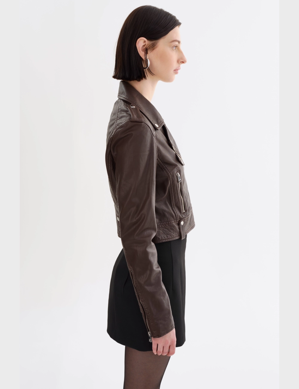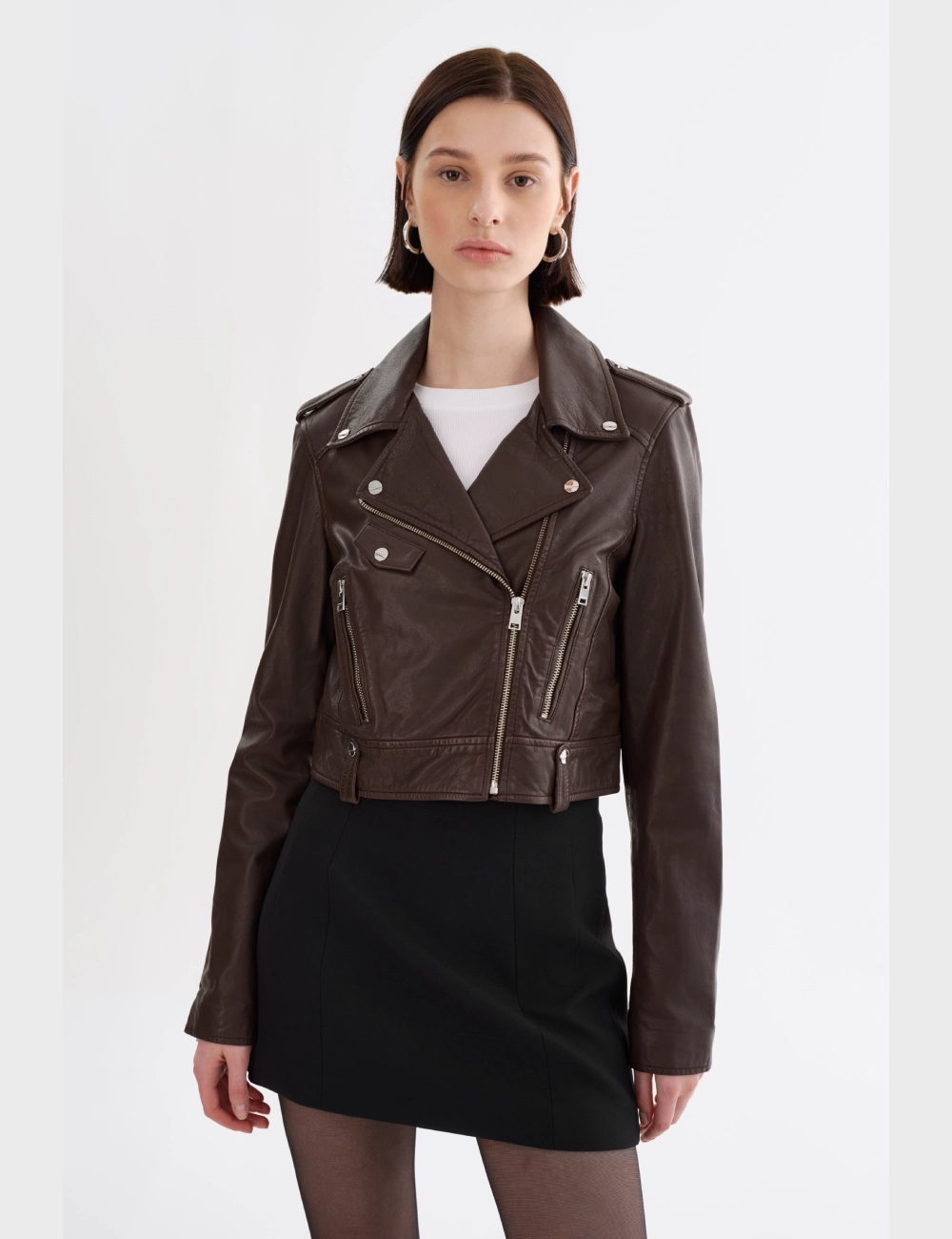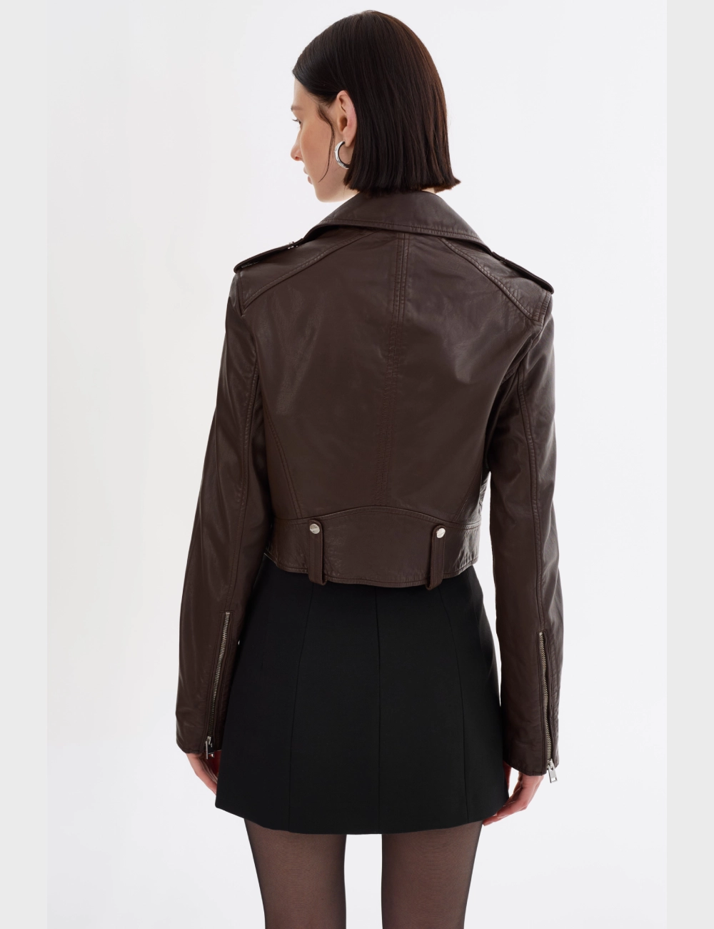 - Edgy cropped biker jacket designed for modern street style and confident looks
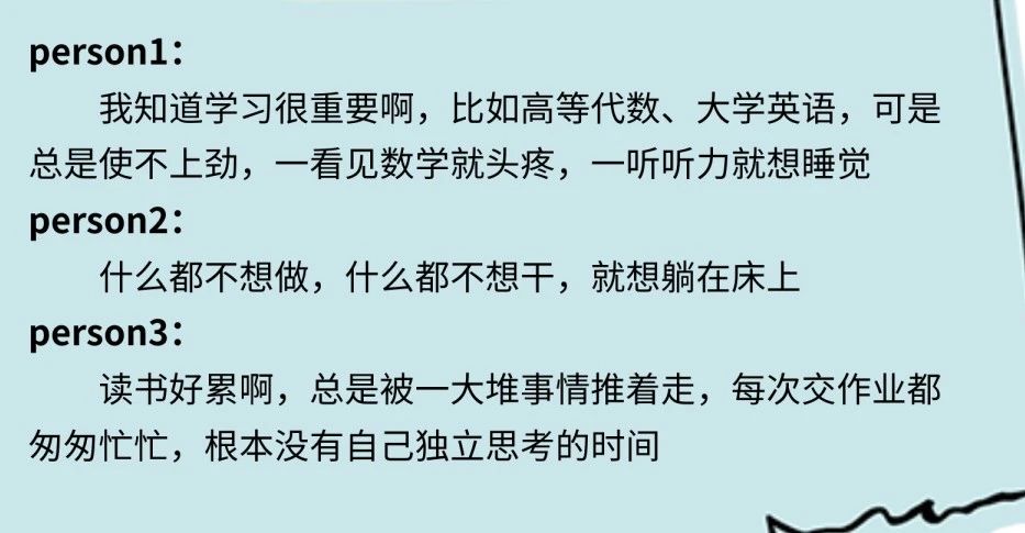 正如person3所说的一样,在如今快节奏的生活中我们往往很容易被一些事情推着走,却缺少了自己独立思考的时间,一旦外部事情变得更加繁琐,我们也会逐渐感到身心俱疲。
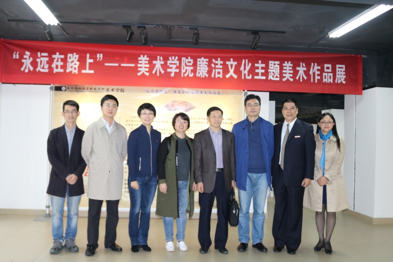 为深入贯彻落实党的十八大、十八届三中、四中、五中全会精神和习近平总书记系列重要讲话精神,切实围绕立德树人根本任务,积极培育和践行社会主义核心价值观,美术公司党总支在校纪委指导下,举办了“永远在路上”廉洁文化主题美术作品展。
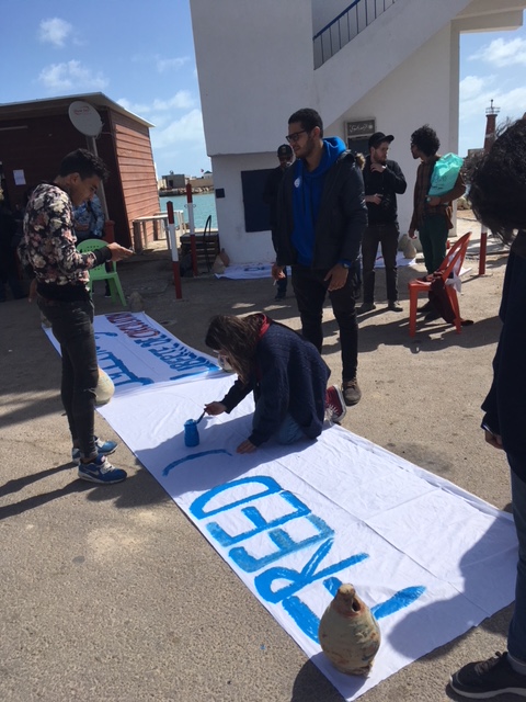 Au passage, pour pallier l’absence de douches à bord et dans la plupart des ports où on s’arrête, on va au hammam quand on en a l’occasion : c’est plutôt cool comme alternative ! Arrivée (avec les dauphins) à Zarzis samedi 7 à midi, juste à temps pour le début des rencontres auxquelles nous étions invité.e.s. On y retrouve une bonne trentaine de personnes dont certaines têtes ne sont pas inconnues. Les rencontres ont été organisées par Alarmphone Tunis et rassemblent différents collectifs pour discuter de la situation migratoire en Tunisie et plus spécifiquement dans cette ville qui se trouve à 80 km de la frontière libyenne. Parmi les participants il y a des militants d’Alarmphone venus du Maroc et de Suisse ; 4 avocats militants algériens ; une compagnie de théâtre forum de Tunis qui travaille sur la haraga (exil des jeunes tunisiens) ; des représentants de deux orgas panafricanistes de jeunes travailleurs venus de pays subsahariens et vivant en Tunisie ; un collectif de pécheurs de Zarzis, très investi dans le sauvetage de personnes en détresse et dans le refoulement du C-Star (bateau fasciste) l’été dernier ; et puis nous, invité.e.s à animer un atelier sur le thème de la sécurité en mer même si on est pas sûrs d’être des experts à ce sujet. Tout ce beau monde a pris beaucoup de plaisir à se rencontrer. Le week-end fut dense émotionnellement et très riche en apprentissage, débats, témoignages, remises en question et points de connexions.
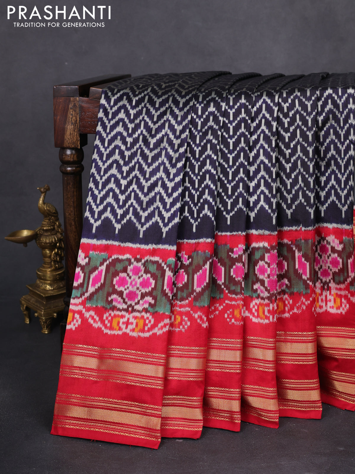 Pochampally silk saree navy blue and red with allover ikat weaves and long ikat woven rettapet zari border
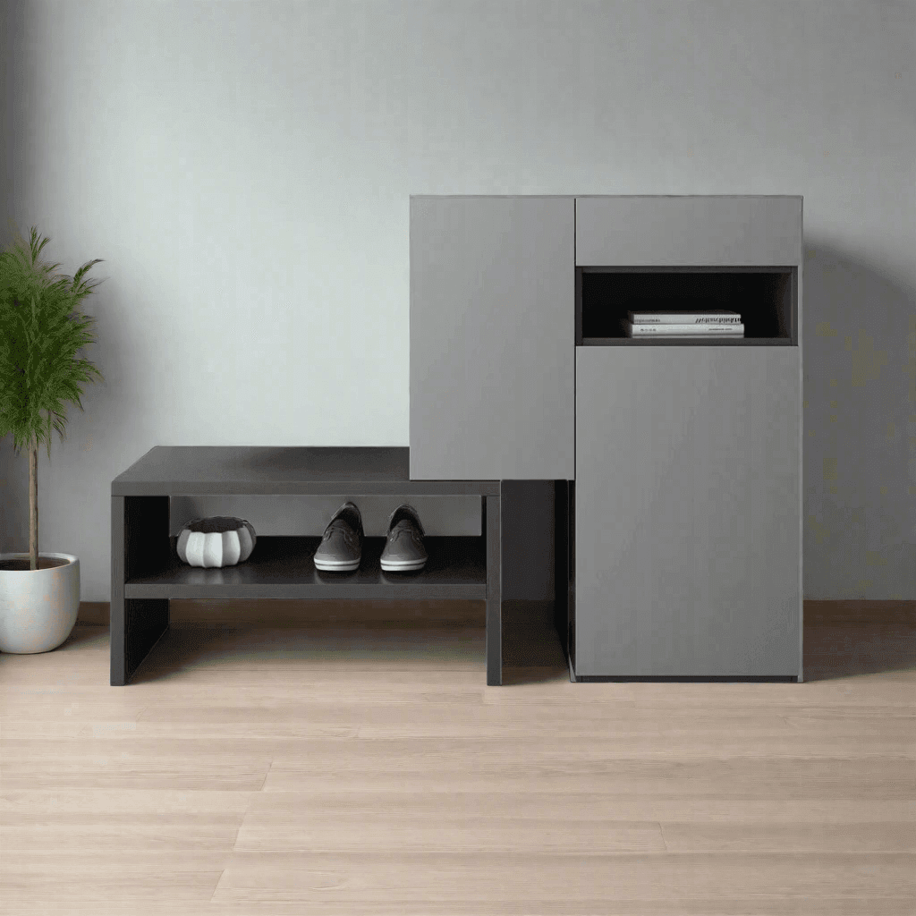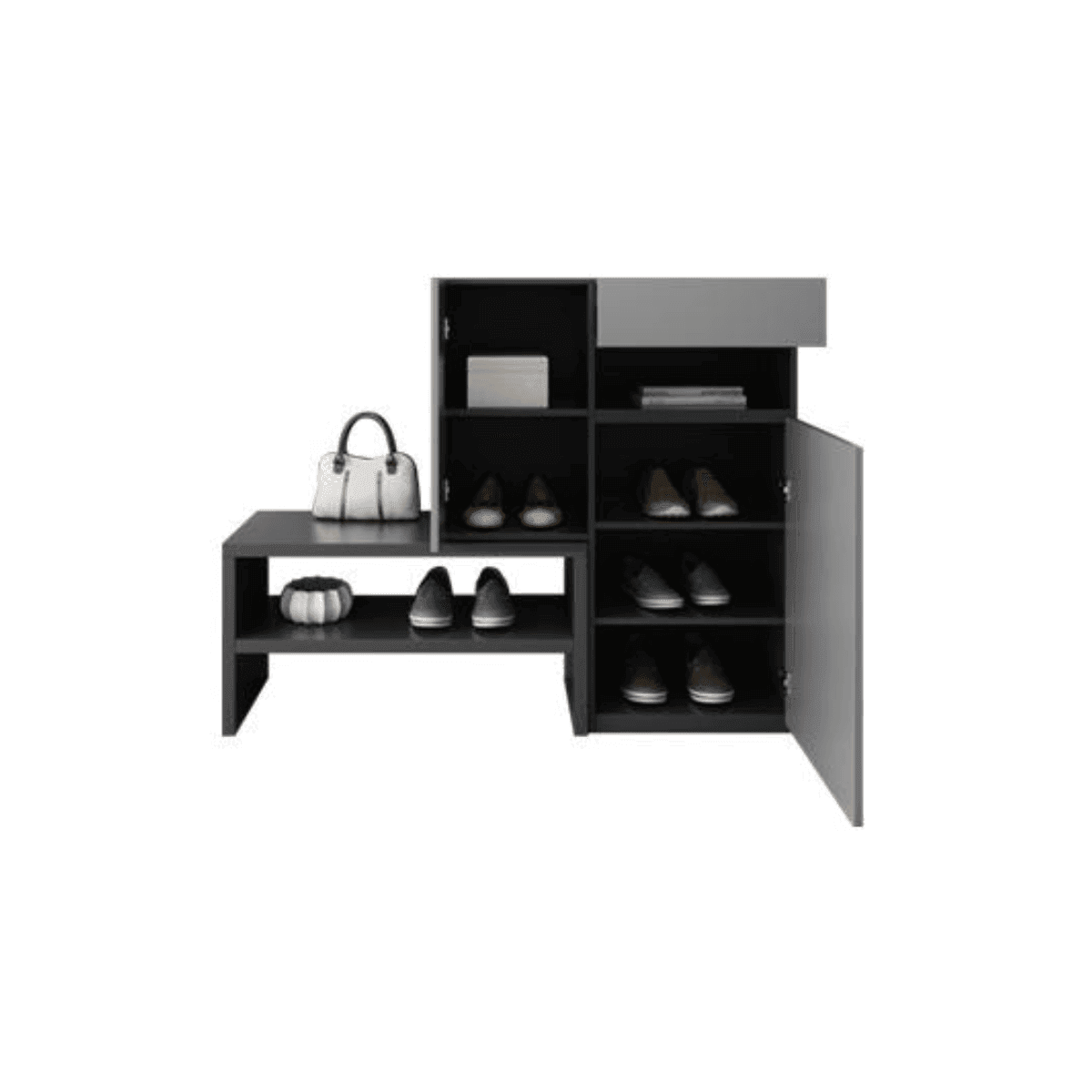 The Zion Shoe Cabinet with Seat is a clever piece made from sturdy MDF wood. Not only does seat cabinet store your shoes neatly away, but it also offers a comfy seat for you to slip on your footwear with ease.
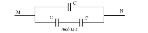 Xét các tụ điện giống nhau có điện dung C=20pF.  Ghép các tụ điện thành bộ tụ như Hình 15.1 và nối hai điểm M, N với nguồn điện có hiệu điện thế U = 12V. Điện tích của bộ tụ là
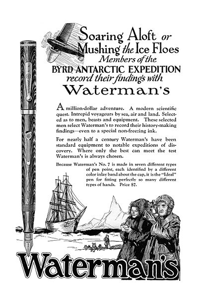 Scansione di una pubblicità Waterman datata 1929. Ritoccata dall'autore per una migliore nitidezza. Data da un riferimento sul retro del foglio, l'hanno compare nel riquadro di una pubblicità. Pubblicizza un modello Ripple No. 7.
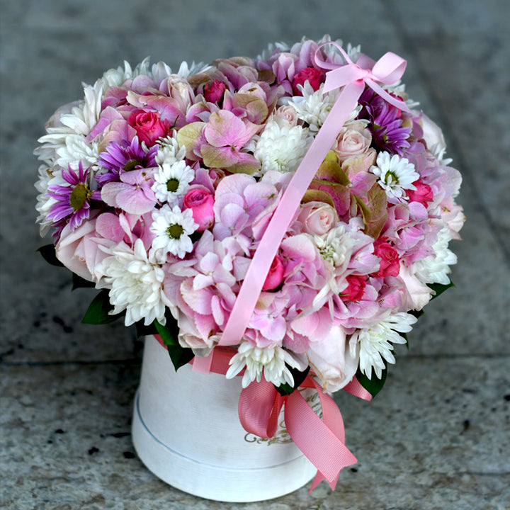 Girly Mixed Flowers Heart Box Fresh Flower Arrangement
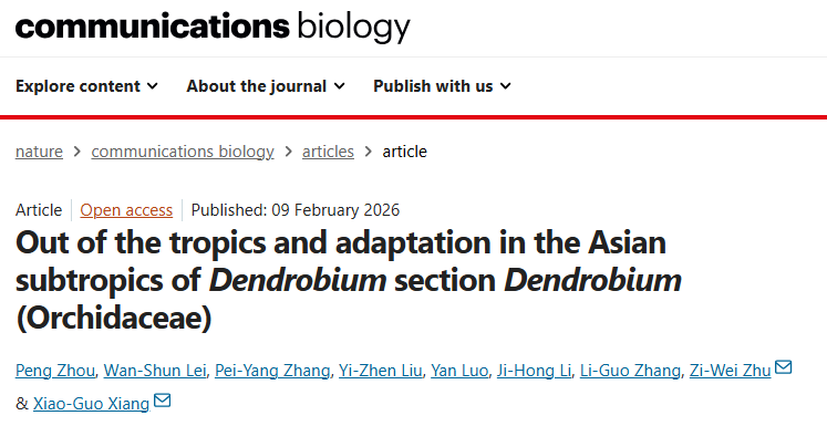 近日,南昌大学向小果研究员课题组在 Nature 系列期刊Communications Biology上发表了题为“Out of the tropics and adaptation in the Asian subtropics of Dendrobium section Dendrobium (Orchidaceae)”(https://doi.org/10.1038/s42003-026-09670-3) 的最新研究成果。该研究以附生兰石斛组植物为研究对象,系统解析了其从亚洲热带向亚热带扩散的时空动态、宏观进化规律及形态适应模式,为理解植物“走出热带”的适应性进化提供了全新的典型案例。
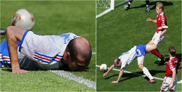 还记得齐达内的“天外飞仙”吗?是的,那个球正是来自于2002年的欧冠决赛,在劳尔和卢西奥相继进球之后,齐达内的这一粒载入足坛史册的致胜球绝杀了“药厂”,让皇马第九次捧起了欧冠冠军的奖杯。然而物极必衰,在俱乐部如日中天的齐达内,却在法国队迎来了“滑铁卢”:那一届堪称是“史上最混乱”的世界杯,法国队的领军人物齐达内竟然在热身赛时被韩国球员弄伤了,之后法国队的战绩急转直下,无奈齐达内在小组赛最后一场比赛仓促复出,但还是无济于事,一次次爬起,又一次次的倒下,那一战,“神一样的男人”齐达内也真正感觉到了什么叫无助,最终,他的法国队蒙受了卫冕冠军惨遭小组淘汰的奇耻大辱。
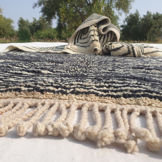 Bchadia | Tapis marocain noir et blanc 6x9 Soft Beni Ourain | Tapis berbère fait à la main | 6'43x9'51 ft | 196x290 cm
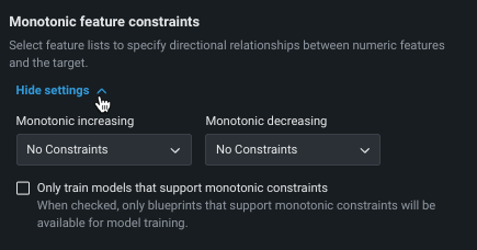 単調制約特徴量を使用するには、 特殊な特徴量セットを作成する必要があります。この特徴量セットは、ここで選択されます。 また、手動モードを使用する場合、使用可能なブループリントにはMONOバッジが付けられ、サポートされるモデルを識別できます。
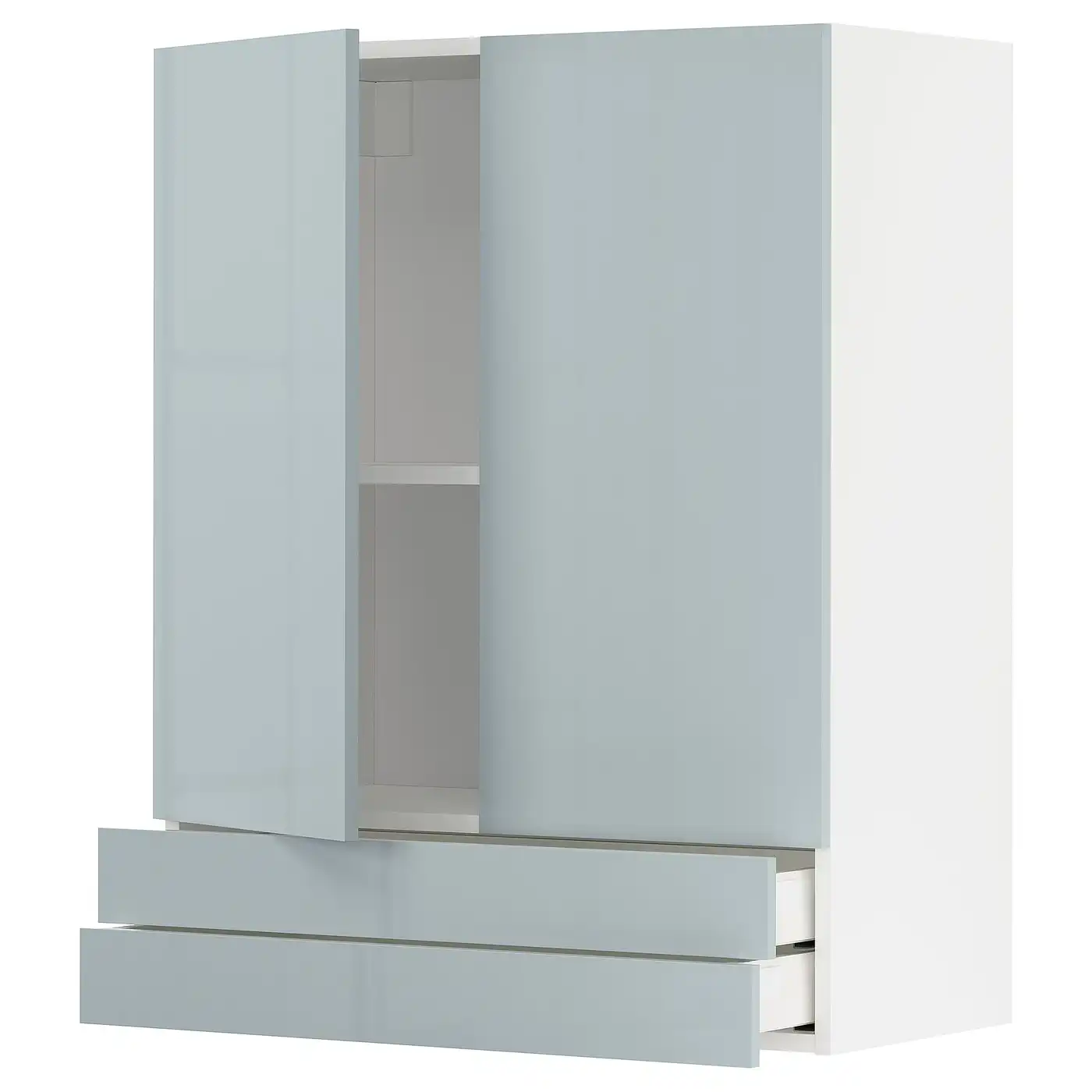 IKEA METOD Wall cabinet with 2 doors and 2 drawers 80x100 cm KALLARP light grey-blue/white

How to complete this task
Starting at the line above with "Scansione di una", output every line exactly up to and including the line with "Girly Mixed Flowers", but none of the pictures.

Task response
 Scansione di una pubblicità Waterman datata 1929. Ritoccata dall'autore per una migliore nitidezza. Data da un riferimento sul retro del foglio, l'hanno compare nel riquadro di una pubblicità. Pubblicizza un modello Ripple No. 7.
 Girly Mixed Flowers Heart Box Fresh Flower Arrangement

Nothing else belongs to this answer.